# Army for Japan...



## Bill Mattocks (Mar 31, 2011)

Just an FYI...you can help out Japan by buying one of these t-shirts:



Army for Japan T-Shirt by Wigwam Jones, on Flickr

http://tsawardrobe.tumblr.com/

You can order them here - they're $20 bucks.

http://www.merchline.com/thesalvationarmy/categorydisplay.4972.c.htm


----------



## granfire (Apr 1, 2011)

Would you look at that!
What a stud muffin!












Awesome looking shirt!


----------



## granfire (Apr 1, 2011)

now, wait? did you photoshop that T on you? 
Or do you sit on the source?


----------



## billc (Apr 1, 2011)

Bill Mattocks, wouldn't it just be easier to send the 20 bucks to a relief agency, or an actual person in Japan and cut out the middle man.  Nice thought, and though it is the thought that counts, the 20 bucks could go directly to Japan.  Thanks Bill Mattocks.


----------



## Touch Of Death (Apr 1, 2011)

billcihak said:


> Bill Mattocks, wouldn't it just be easier to send the 20 bucks to a relief agency, or an actual person in Japan and cut out the middle man.  Nice thought, and though it is the thought that counts, the 20 bucks could go directly to Japan.  Thanks Bill Mattocks.

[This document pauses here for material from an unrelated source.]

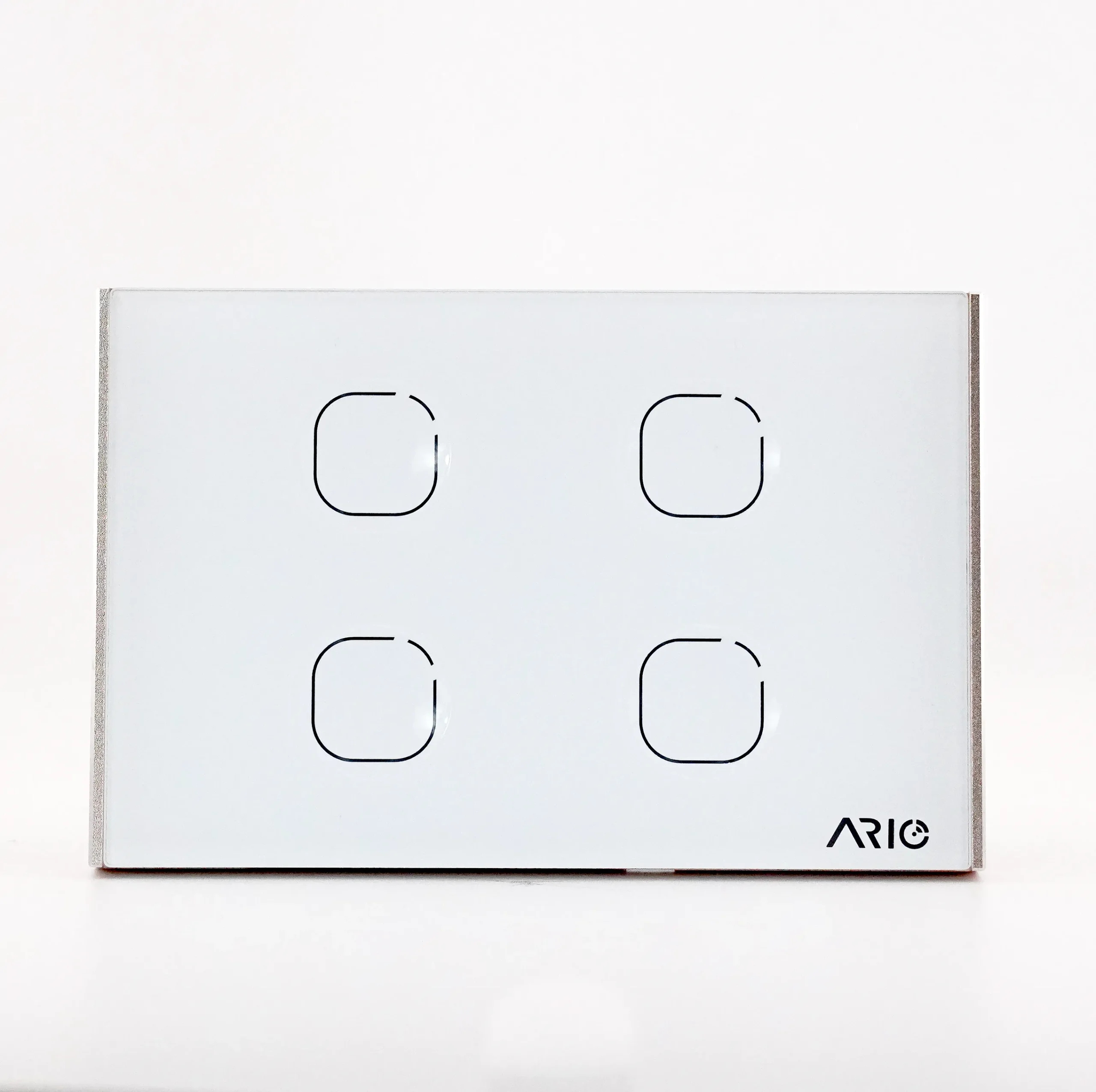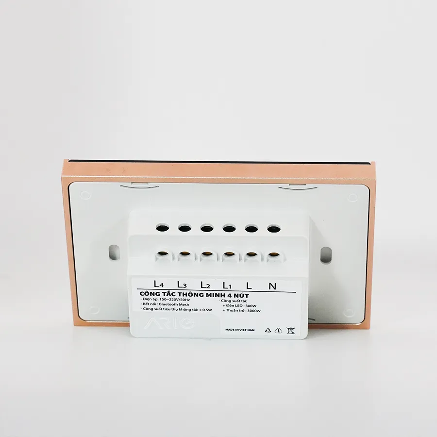 BLE 4 nút Ario sở hữu kiểu dáng hình chữ nhật gọn gàng, với mặt kính cường lực tráng gương chống xước, chống bám vân tay, dễ vệ sinh. Viền nhôm nguyên khối được gia công CNC sắc sảo, tạo hiệu ứng phản chiếu tinh tế khi lắp đặt trên tường.

Then you wouldn't get the T-shirt.
Sean


----------



## granfire (Apr 1, 2011)

Touch Of Death said:


> Then you wouldn't get the T-shirt.
> Sean



And you wouldn't be reminding others about donating


----------



## scottie (Apr 2, 2011)

Bill I like the Mizugami on your gi. I'd like to see a better picture of it and hear why it was changed. I am not asking to question anyone. I have just never seen that one and it sparked my interest.


----------



## girlbug2 (Apr 2, 2011)

Nice Bill! Gotta get me one of those.


----------



## Carol (Apr 2, 2011)

granfire said:


> And you wouldn't be reminding others about donating



Or promoting the religion.


----------



## granfire (Apr 2, 2011)

Carol said:


> Or promoting the religion.



LOL, it's the army... they get to promote the message.


----------



## Bill Mattocks (Apr 2, 2011)

billcihak said:


> Bill Mattocks, wouldn't it just be easier to send the 20 bucks to a relief agency, or an actual person in Japan and cut out the middle man.  Nice thought, and though it is the thought that counts, the 20 bucks could go directly to Japan.  Thanks Bill Mattocks.



We did both. I just didn't take a photo of the check.


----------



## Bill Mattocks (Apr 2, 2011)

scottie said:


> Bill I like the Mizugami on your gi. I'd like to see a better picture of it and hear why it was changed. I am not asking to question anyone. I have just never seen that one and it sparked my interest.



I was asked the same question today at the seminar I attended. I am told the fourth star is for Shimabuku Soke and I believe it may have been placed there by the UIKA, which my dojo is affiliated with.

Ultimately I am afraid I don't know, it's the patch I bought at my dojo. Most of the veteran students and instructors have the older style patch with three stars.


----------



## yorkshirelad (Apr 3, 2011)

Bill Mattocks said:


> Just an FYI...you can help out Japan by buying one of these t-shirts:
> 
> 
> 
> ...


 
I used to love wearing my gi in the house, but my Mum starting objecting when I got into middle school. She got me some cool He-Man pjs instead.


----------



## scottie (Apr 3, 2011)

Bill Mattocks said:


> I was asked the same question today at the seminar I attended. I am told the fourth star is for Shimabuku Soke and I believe it may have been placed there by the UIKA, which my dojo is affiliated with.
> 
> Ultimately I am afraid I don't know, it's the patch I bought at my dojo. Most of the veteran students and instructors have the older style patch with three stars.




It was added in 2002 by Master Mitchum to represent Master Shimabuku. you ware correct. I like it. I want one. thanks.
Scottie.


----------